**TASK DIRECTIONS:** Write out every line of the material as it stands, apart from the pictures.

**INFORMATION SUPPLIED:**

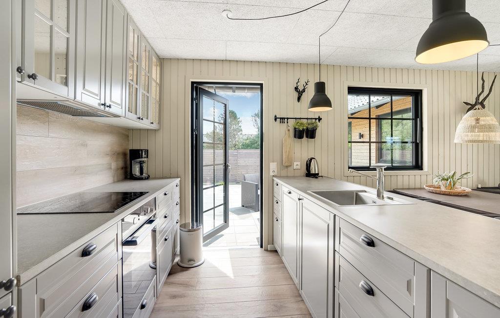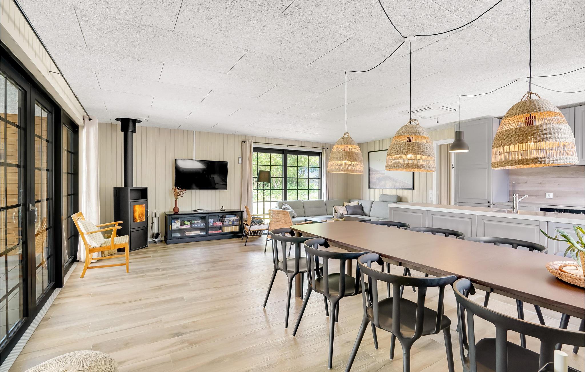 Tilbring en dejlig ferie i dette indbydende sommerhus, som er komfortabelt og smagfuldt indrettet og giver jer ideelle rammer om et ophold. Der er fem soveværelser, så huset kan rumme ni personer. Badeværelset har behagelig gulvvarme. og om aftenen kan I sætte jer foran brændeovnen og slappe af til lyden af de knitrende flammer i brændeovnen.
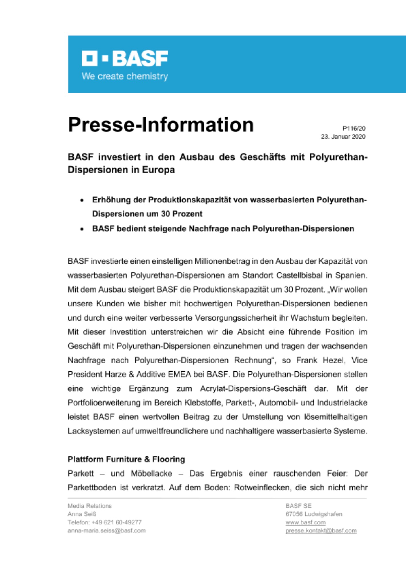 - BASF bedient steigende Nachfrage nach Polyurethan-Dispersionen
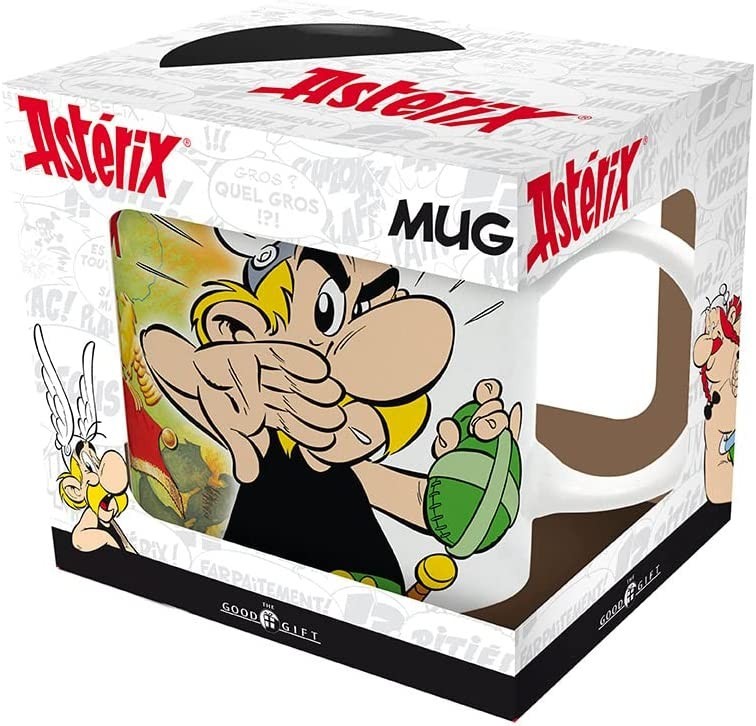 El galo de baja estatura per gran coraje, Astérix, sale en una ilustración a todo color en la superficie de esta taza de licencia oficial de Astérix y Obélix que ha creado la marca especializada The Good Gift. Viene en una caja temática con imágenes de los personajes. Además de Astérix, en la taza también viene una ilustración del mapa de la aldea gala que protege (su hogar) y de sus alrededores. Está hecha de cerámica y tiene una capacidad de 320 mls. Es apta para usar en lavavajillas y microondas.

**TASK RESULT:**
 Tilbring en dejlig ferie i dette indbydende sommerhus, som er komfortabelt og smagfuldt indrettet og giver jer ideelle rammer om et ophold. Der er fem soveværelser, så huset kan rumme ni personer. Badeværelset har behagelig gulvvarme. og om aftenen kan I sætte jer foran brændeovnen og slappe af til lyden af de knitrende flammer i brændeovnen.
 - BASF bedient steigende Nachfrage nach Polyurethan-Dispersionen
 El galo de baja estatura per gran coraje, Astérix, sale en una ilustración a todo color en la superficie de esta taza de licencia oficial de Astérix y Obélix que ha creado la marca especializada The Good Gift. Viene en una caja temática con imágenes de los personajes. Además de Astérix, en la taza también viene una ilustración del mapa de la aldea gala que protege (su hogar) y de sus alrededores. Está hecha de cerámica y tiene una capacidad de 320 mls. Es apta para usar en lavavajillas y microondas.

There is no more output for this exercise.